I retired from medical practice almost three years ago due to an accident that paralysed me from below my neck. I thank God for miraculously healing my paralysis. The simultaneous onset of the Covid 19 pandemic back to back with my accident gave me no choice but to retire for good.

Ever since then, I had no regrets and did not look back. I took up blogging, photography, writing, and book publishing to occupy my time. These are the things that I have wanted to do but never had the time to do when I was working.

Retirement was very challenging initially because I have so much time on my hands and don’t have enough things to do. Overnight, my circle of friends was drastically reduced. Suddenly, I do not have to do ward rounds. Suddenly, my phone stopped ringing except for scammers. I felt alienated, isolated, secluded, and cut off from the world. I felt that nobody was interested or wanted to know whether I am existing or not. Fortunately, I had a church family where I could serve full time, teaching, preaching, interceding, counselling, visitation, and so on.

But retirement was not all doom and gloom. There were more positives than negatives. I have freed myself from the tyranny of the urgent. I have freed myself from chains of the Goliath of medical practice that tied me down twenty hours a day, seven days a week, for more than a quarter of a century. I have freed myself from the responsibility of patient care, running a practice and on call.
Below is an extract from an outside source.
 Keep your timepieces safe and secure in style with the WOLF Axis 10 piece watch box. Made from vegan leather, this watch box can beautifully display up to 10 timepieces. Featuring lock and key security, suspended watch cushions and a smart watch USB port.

My stress level was drastically reduced. I have better control over my time. I could do things out of interest in my own time and leisure. I could take a long holiday and be away from home for as long as I want without worrying about patients, clinics, and hospitals.

The burden of running a practice is forever behind me. I have finally earned the rest that I longed for. I became an author, publisher, blogger, and amateur photographer. There was never a dull moment.